I imagine myself spending my final days here, looking at the life buzzing outside the French doors, before I finally drift off. I write “to go” in black on the stickums and put them on the couch and coffee table, markers for when the movers come. They will make room for my deathbed.
I pivot to the other side of the office. Lisa calls the fly-tying workbench in the corner my “private altar.” Tacked to the board above the workbench are the rumps and wings of fowl, everything from red grouse to a rare and illegal hide of the King of Saxony bird-of-paradise. There are also little baggies filled with the inexpensive and furry skins of voles and black squirrels; and spools of silk thread, in colors ranging from caviar-black to flamingo-scarlet, used to tie the feathers to the hooks.
I can’t decide what to do with the fly-tying bench, and turn my attention to a filing cabinet on casters pushed under the desk. In the top drawer, I find dried-out pens, clips, calling cards; I upend it all into a garbage bag. In the next drawer, there are letters and printed emails from my sons, wrapped in rubber bands and neatly stacked according to date.
I open one packet and read the first email.
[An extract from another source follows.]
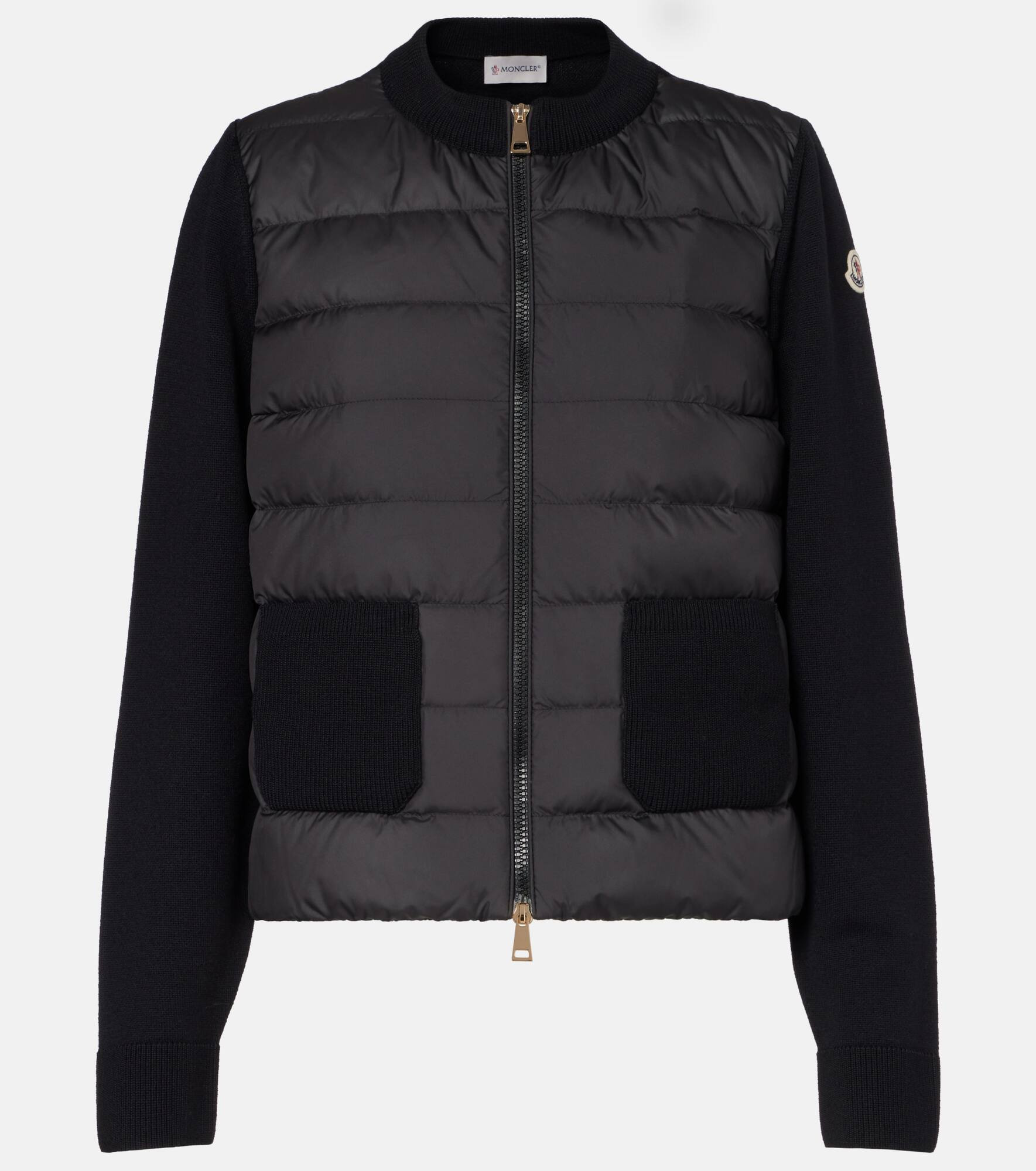 Protect yourself from the cold with this Moncler cardigan, combining warm virgin wool fibers with insulating down inserts on the front and collar. This zip-up style is ideal as an under or outer layer. Product Details - Material: 100% polyester - Care instructions: dry clean - Made in Moldova - Designer color name: 999 - Item color: black - Material II: 100% virgin wool - Lining: 100% polyester - Filling: 90% down, 10% feathers - Contains non-textile parts of animal origin - Hardware color: gold - Collar: crewneck - Closure: two-way zipped front - Pockets: patch pockets - Cuff: ribbed - Hem: ribbed - Item number: P01101136 Size & Fit - True to size - Straight fit - Partly stretchy fabric - Falls to the hip - The model seen in the picture is 178cm-5'10" and wearing a size XS

It is from Sam. “Dear Dad, Thanks for the $35,000 wire transfer. It arrived yesterday. This morning I gave the landlord the deposit for the two-bedroom rental, which is just a block from campus. I just discovered my new roommate, from Austria, knows the rivers of the Tyrol and tells me he mostly fishes for grayling. When I know him better, will pump him for information on what are the best rivers. Love, Sam.”
I take another. It is a handwritten note from John that I have preserved in its original cream envelope. “Dad, I am getting married to Joanne, the woman I love, whether you like it or not. My brothers are all showing up in Vegas, proud to stand by me on our special day. I hope you and Mom make it. Please come. John.”
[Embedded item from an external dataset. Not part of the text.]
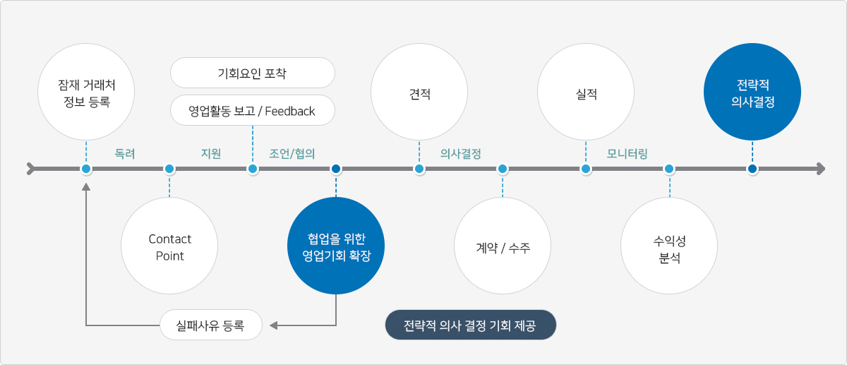 『E-CRM』는 정보 공유 기반 Internal Networking 활동 강화, 전략적 수익성 분석 Data 제공을 위한 “영업활동 관리체계” 구축 및 “전략적 의사 결정 지원 체계”를 제공합니다.

John was always the son we worried over most. I return his letter to its rubber-band stack and decide to keep the letters. Let them see what I kept.
But there is something niggling in the back of my mind, a memory buried from another period of my life, and I keep searching the bric-a-brac, until my hands finally clamp down on an old cigar box of Montecristo No. 2, pushed to the far corner of the drawer. I pull the box out and gently lift its lid. It still smells of Havanas.
Amidst the papers inside, the high school grades and magnifying glass, I find a color photo that has yellowed with age. I excitedly take out the picture, so long buried in its cigar-box casket, and hold it in the light of the French doors.
It is a picture of me, in my forties, on a working vacation in Southern India. I am relaxed and happy and standing on a terrace in front of a teak bungalow, surrounded by jungle. Next to me stands a smiling travel companion.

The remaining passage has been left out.